The Legal Aid Agency has assured MPs that it has improved its complaints-handling process since being told to apologise and pay £10,000 to an expert witness for causing him distress by excessively auditing his bills.
The House of Commons justice select committee asked the agency to 'provide assurances' that lessons have been learned from the handling of a complaint brought by Dr Alan George.
George, a Middle East expert, alleged that the agency unfairly denigrated his character, unfairly reduced, capped and refused his fees; and unfairly subjected his work and fees to excessive assessment, review and audit from spring 2011 until autumn 2013. The Parliamentary and Health Service Ombudsman partly upheld his complaint.
LAA chief executive Shaun McNally wrote to the committee in June this year to confirm that the agency has re-evaluated its complaints-handling process.
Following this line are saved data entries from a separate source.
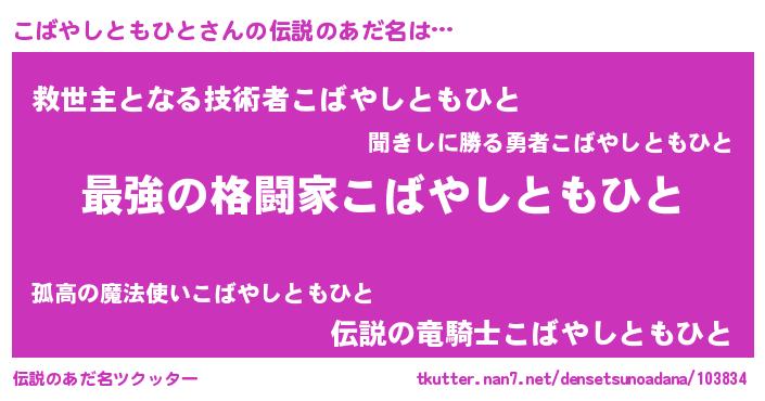 | 意味不明あだ名 | 『こばやしともひとフォーエバー』 |
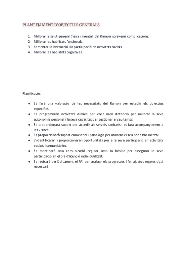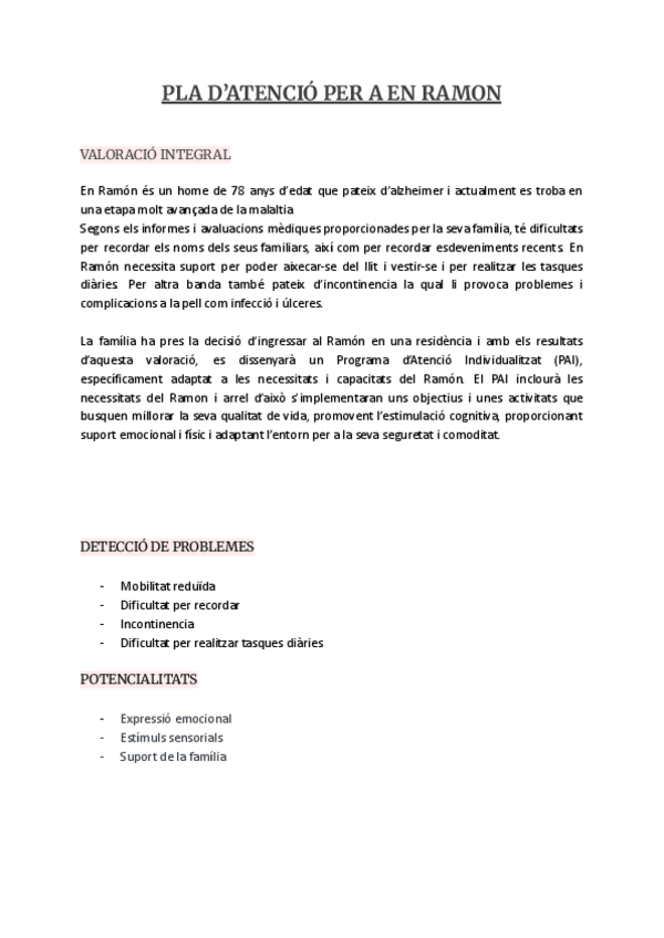 Caso práctico: Plan de atención para Ramón. - Valoración integral - Objetivos generales - Plan de atención individualizado (PAI) - Protocolo de acogida - Protocolo de adaptación - Protocolo en diferentes áreas - Protocolo de higiene - Evaluación final
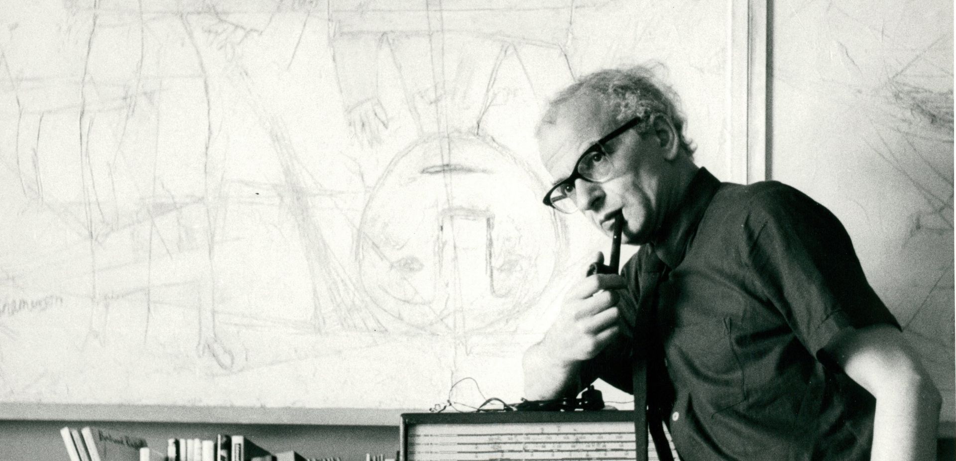 Themerson na tle obrazu swojej żony, Franciszki.

He said: 'This has involved the creation of a new team which scrutinise and investigate complaints of a similarly complex nature. This has introduced greater objectivity when complaints are investigated. We also communicated with all LAA staff so that they are clear that all of our customers have the right to complain, irrespective of whether or not there is a pre-existing direct contractual relationship.'
McNally says record-keeping has been improved 'by increasing digitisation across case management'. Dedicated email addresses have been established for 'external stakeholders'. Assurance processes have been updated and guidance has been issued to staff 'to make it clear how they are expected to handle concerns regarding requests for funding'.
McNally concludes: 'I am confident that these procedural changes and improvements have strengthened the LAA's ability to appropriately resolve complaints which are put to us, and will prevent the recurrence of such an incident as was experienced by Dr George.'
George told the Gazette that the agency's changes were 'gratifying'. However, he said 'it doesn't reflect well on its management that an organisation that spends an annual £1.7bn of public money should have been suffering such fundamental deficiencies as those revealed by the ombudsman's investigation - and that these were identified and addressed only because of an investigation by an outside agency'.
The ombudsman, which was set up by parliament, makes final decisions on complaints that have not been resolved by the NHS in England and UK government departments.
The LAA's latest annual report states that 16 complaints were referred to the ombudsman in the 2017-18 financial year. Cases can take over a year to conclude. During 2017-18, the ombudsman partly upheld three cases; three were not upheld.